Hacker News new | ask | show | jobs
by Noseshine 3506 days ago

  > What would you expect to happen if the object is modified after being inserted into the dictionary?
I would expect it to continue to use the object. Why would it matter if it was mutated or not?

You can try it right in your browser with Javascript and the Map() object type. You can mutate the object all you want, as long as it's the same object(-reference) you access the same value in the Map object. Just as I would expect. "Mutable" doesn't change which object you have, only what it looks like inside.

2 comments

This is where Pythonistas rely on the idea that "we're all consenting adults here". It's very useful to let objects assert that they have an arbitrary, immutable hash value. I've used that ability in Python and it solved problems that would have been very challenging otherwise. Of course, that ability also leads to undocumented behavior if hash values change. Python coders expect dicts to behave in undocumented ways when object hashes change, but it would be a bug if that led to a segfault or a C assertion failure.
I'm genuinely curious how/why this is a problem for Python yet I've never heard of it being a problem for C#. In C# you can override Object.GetHashCode(), and there's no way in C# to even express the constraint/desire "the result of GetHashCode doesn't change (especially after insertion into a container)". Yet I've never heard of anyone in C# having a problem using mutable objects in sets or dictionaries?
To be honest, most Python coders probably never get deep enough in the language to start overriding hash values, and those who do probably understand the implications before they get that deep.
This fundamentally reduces the usefulness of hash representations though. Instead of thinking of dict keys, think sets.
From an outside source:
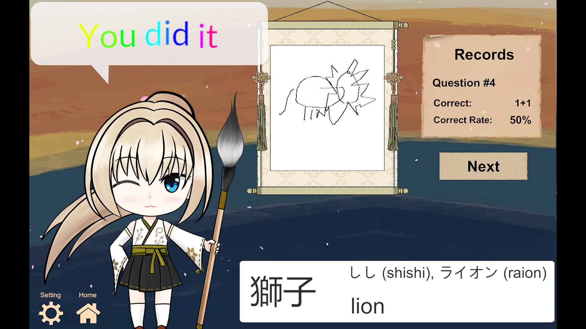 This app is designed to help learning languages (mainly Japanese, but also English and Chinese). Kotoba-chan, the AI, will teach you how to write Kanji characters and challenge you by quizzes. There is also a mode (under research) where you can learn Kanji from drawing objects.
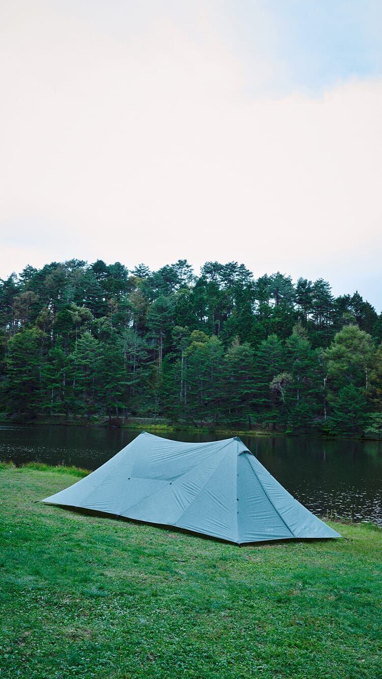 and wanderとmuracoでコラボレーションしたキャンプ用2ポールシェルターテントは、フライシートには耐水圧1500mmの40Dリップストップナイロン、インナーテントのフロア、グラウンドシートには耐水圧3,000mmの68Dリップストップポリエステル、ポールは直径25mmのアルミニウム合金を使用しています。

It's also worth pointing out that user-defined objects operate the way you seem to desire (e.g. default to using the id() property of the object to derive the hash). So in my mind, this strikes the perfect balance?

StdLib types that are immutable bake in more comparative hash properties while making it trivial for a user to wrap them and override this richer behavior with default hash based on id().

Consider:

```

>>> class myList(object):

... def __init__(self):

... self.inner_list = list()

...

>>> x = myList()

>>> x

<myList object at 0x10bdabf10>

>>> x.inner_list

[]

>>> y = {x: 'hi'}

>>> y

{<myList object at 0x10bdabf10>: 'hi'}

>>> x.inner_list.append(1)

>>> x.inner_list

[1]

>>> y

{<myList object at 0x10bdabf10>: 'hi'}

>>> for k in y.keys():

... print k.inner_list

...

[1]

```

  > This fundamentally reduces the usefulness of hash representations though.
If you want something immutable just put something immutable in?

  > Instead of thinking of dict keys, think sets.
It's the same that I already wrote for sets, and also the same I just wrote: If you want something immutable just put something immutable in.

By the way, I'm not talking about any particular implementation.

I think there is a disconnect here, I showed you how you could place a mutable object as a dict key in Python. One which uses the object itself (id() property) for the hash.

> If you want something immutable just put something immutable in.

My point is what do you expect if you do this:

>>> x = (1, 2)

>>> y = (1, 2)

>>> set([x, y])

I would argue that you would expect:

>>> set([(1,2)])

Since x is equal to y. But if you base the hash by default on id, you would get:

>>> set([(1, 2), (1, 2)]) # set([x, y])

Since x and y are different instances (have different id()) properties. I would argue that it's more useful/predictable for built-ins to hash based on content rather than id().

However, you can still hash based on id() but simply creating your own object (as I demonstrated). So you get sensible defaults for built-ins but also the option of hashing mutable objects.

We were originally talking about a dictionary key, and the purpose of an object as key in a dictionary is AFAICS to associate a value with that concrete object. Whenever I use those structures I have to solve an engineering problem, not a math problem. I would claim that's the majority of use cases, a claim that seems to be supported by how it is commonly implemented (see Java below and Javascript for two of the most common languages).

Anyway, it's configurable for example in Java (http://stackoverflow.com/questions/9440380/using-an-instance...) - default is to use the reference but you can override object methods to change that. Similarly for C#(http://stackoverflow.com/questions/634826/using-an-object-as... or http://stackoverflow.com/questions/8952003/how-does-hashset-...).

Ah I see the disconnect, I think the underlying piece I glossed over was the fact that dict objects and set objects rely on the same hashable property of objects. This is in part due to the "one way and only one way" rule of thumb of Python's language design.

For me, talking about how dicts handle hashing keys and sets hashing members are equivalent in the context of the Python language.

Given that context I was saying changing the "hashable" nature of default objects would be counter-intuitive as the new behavior would be in contrast to the expected behavior of sets and/or immutable equal types in dict keys.